• [What is needed] In the entries that follow, find the line containing "Pin-back pin but" and the line containing "Ці накладки на", then retype exactly the lines from the first through the second, pictures excluded.

• [Records to use]
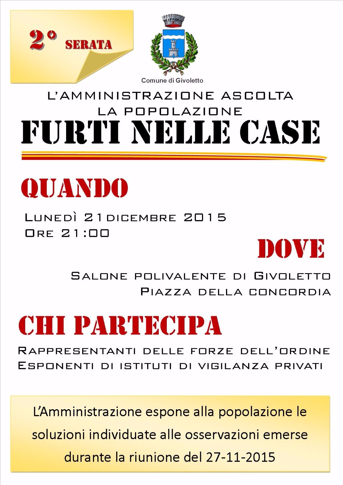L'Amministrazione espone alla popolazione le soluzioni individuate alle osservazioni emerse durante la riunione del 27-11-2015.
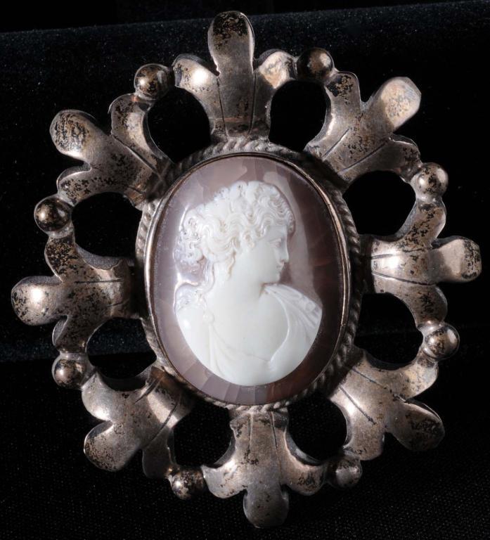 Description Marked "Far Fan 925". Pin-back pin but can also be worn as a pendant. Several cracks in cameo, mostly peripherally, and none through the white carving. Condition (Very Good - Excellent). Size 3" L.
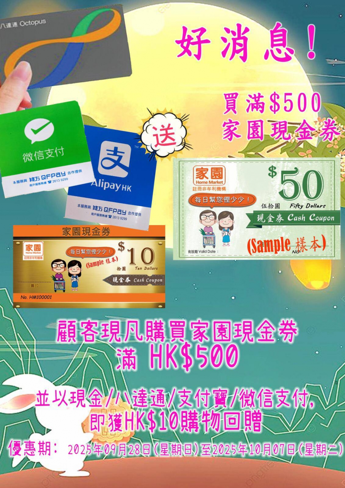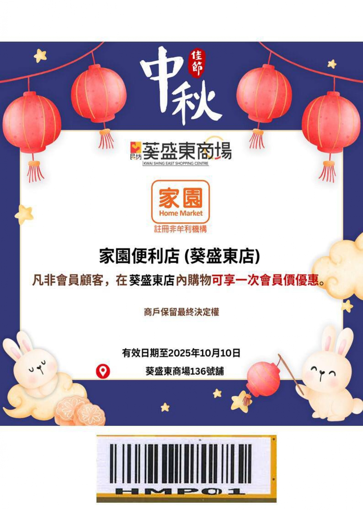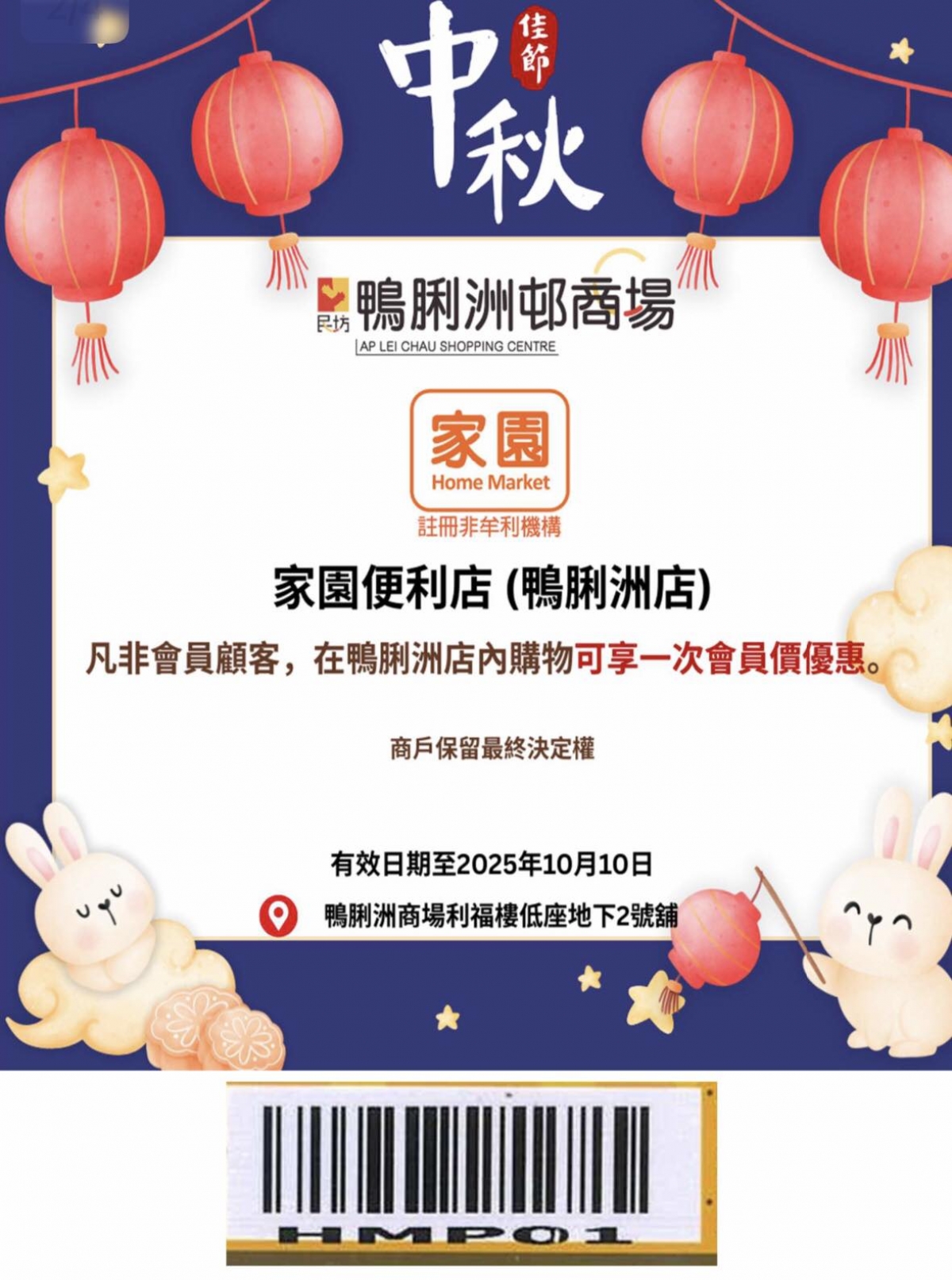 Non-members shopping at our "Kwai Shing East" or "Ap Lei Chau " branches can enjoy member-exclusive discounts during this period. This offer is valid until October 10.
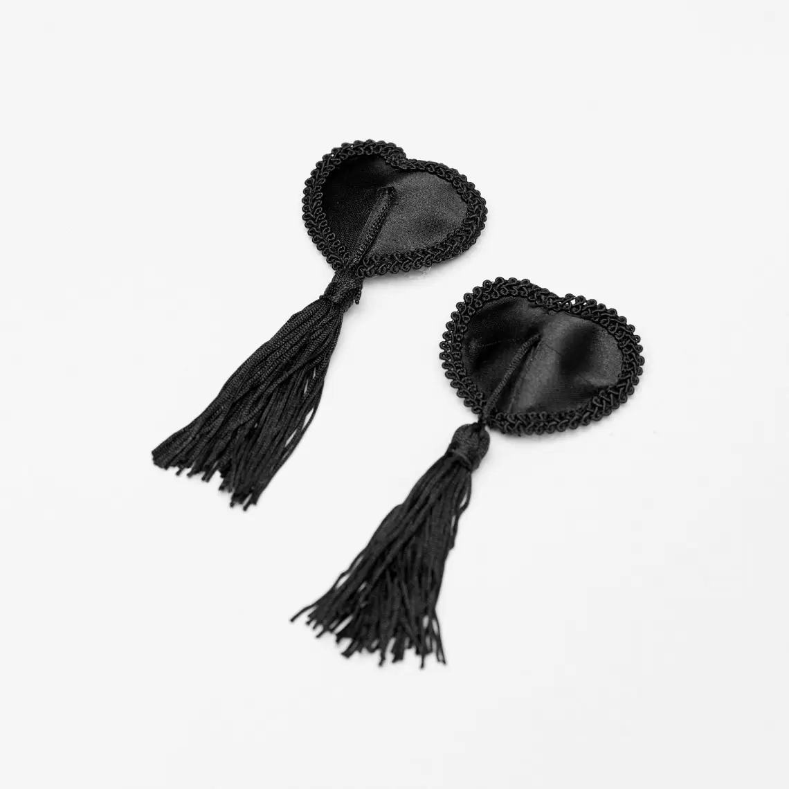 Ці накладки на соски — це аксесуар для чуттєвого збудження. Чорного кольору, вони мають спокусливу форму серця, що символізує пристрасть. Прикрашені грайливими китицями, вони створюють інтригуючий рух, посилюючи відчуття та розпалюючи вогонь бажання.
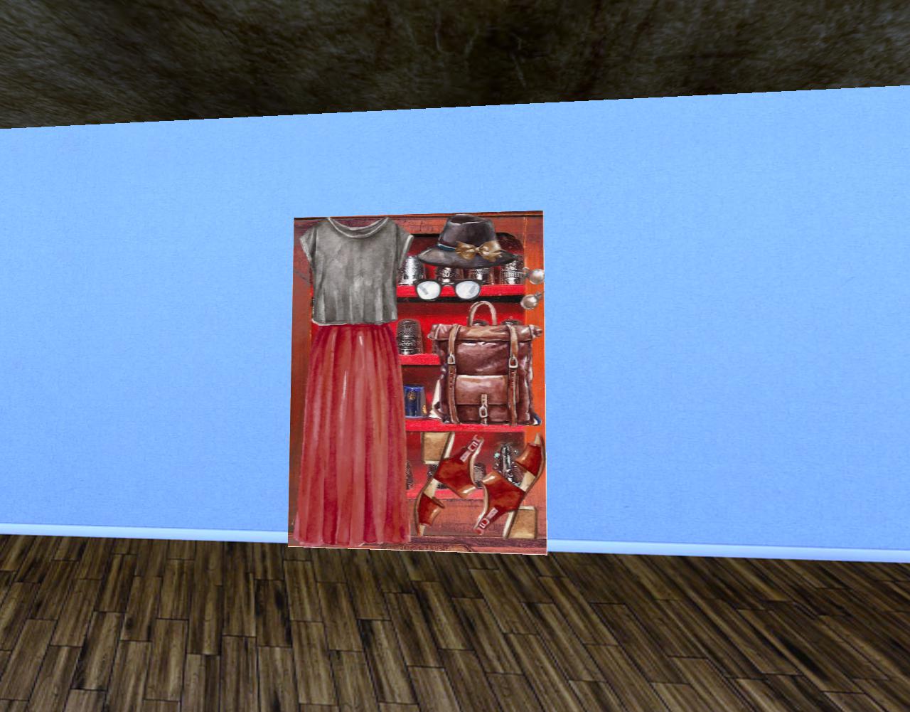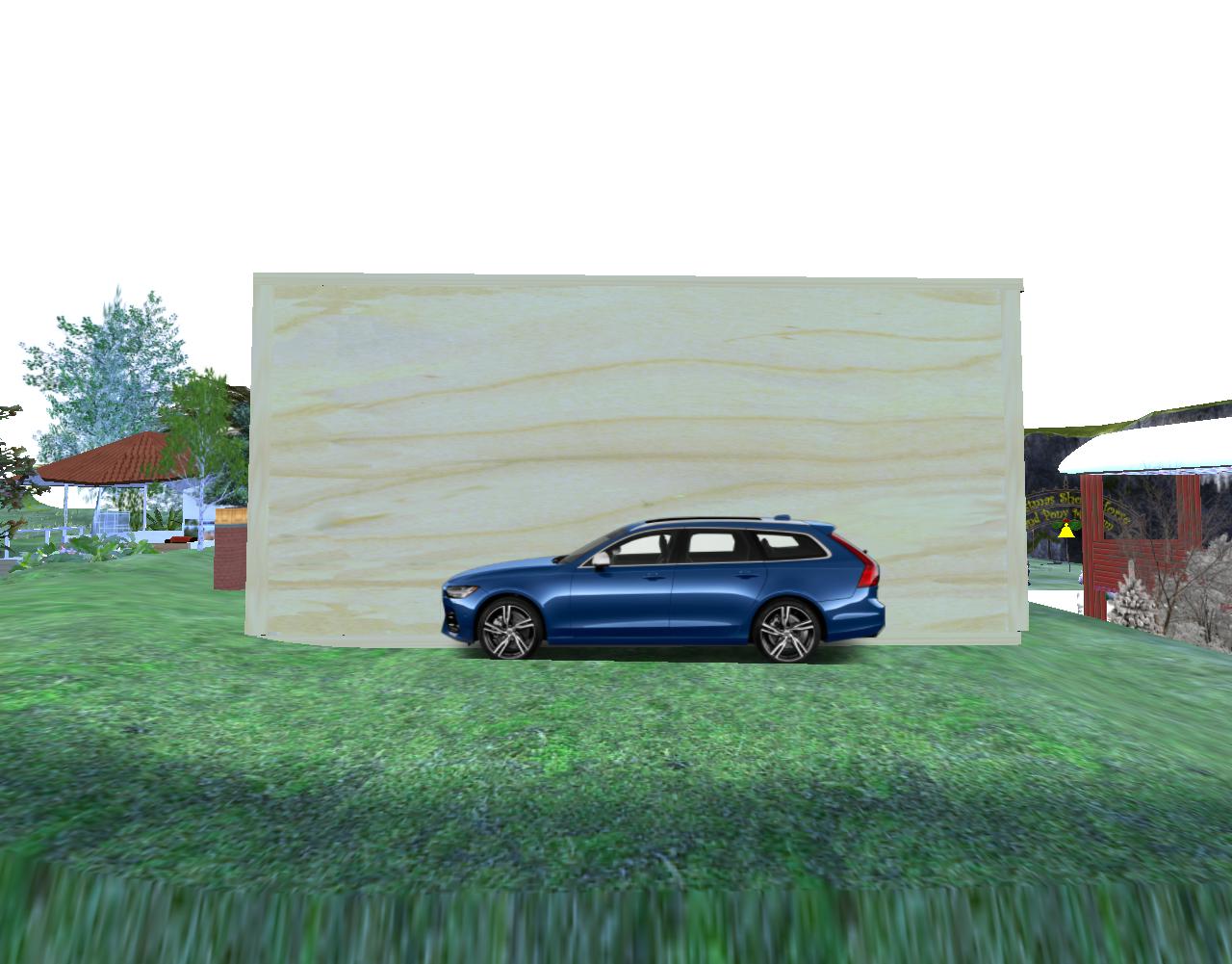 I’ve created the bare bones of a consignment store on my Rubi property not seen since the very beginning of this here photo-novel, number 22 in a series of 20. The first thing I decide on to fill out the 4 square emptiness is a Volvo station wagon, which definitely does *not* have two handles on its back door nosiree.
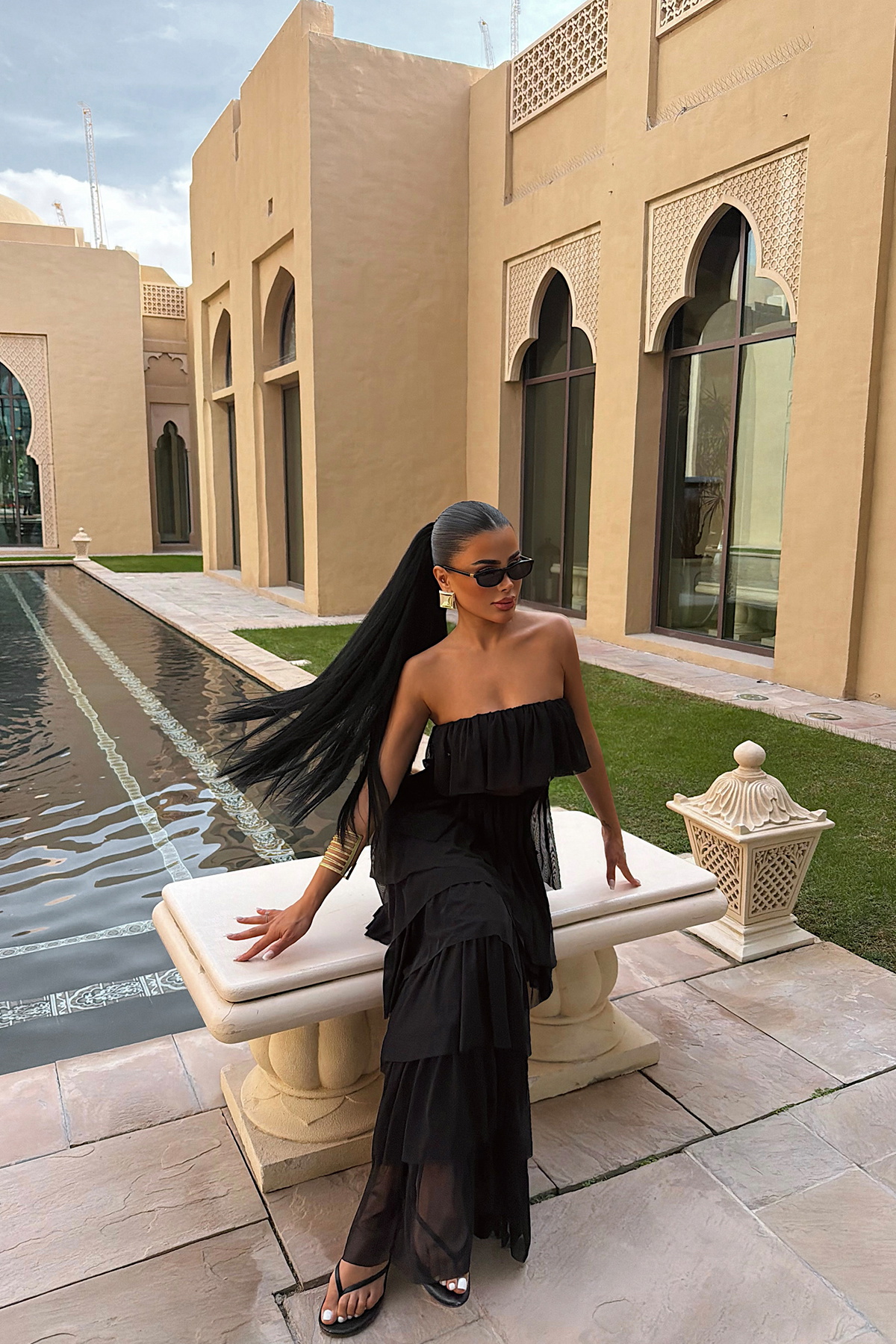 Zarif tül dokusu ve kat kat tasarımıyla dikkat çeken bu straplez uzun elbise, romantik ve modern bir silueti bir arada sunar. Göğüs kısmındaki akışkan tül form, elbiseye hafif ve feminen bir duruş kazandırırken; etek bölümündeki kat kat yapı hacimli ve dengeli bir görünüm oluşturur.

• [Expected output]
 Description Marked "Far Fan 925". Pin-back pin but can also be worn as a pendant. Several cracks in cameo, mostly peripherally, and none through the white carving. Condition (Very Good - Excellent). Size 3" L.
 Non-members shopping at our "Kwai Shing East" or "Ap Lei Chau " branches can enjoy member-exclusive discounts during this period. This offer is valid until October 10.
 Ці накладки на соски — це аксесуар для чуттєвого збудження. Чорного кольору, вони мають спокусливу форму серця, що символізує пристрасть. Прикрашені грайливими китицями, вони створюють інтригуючий рух, посилюючи відчуття та розпалюючи вогонь бажання.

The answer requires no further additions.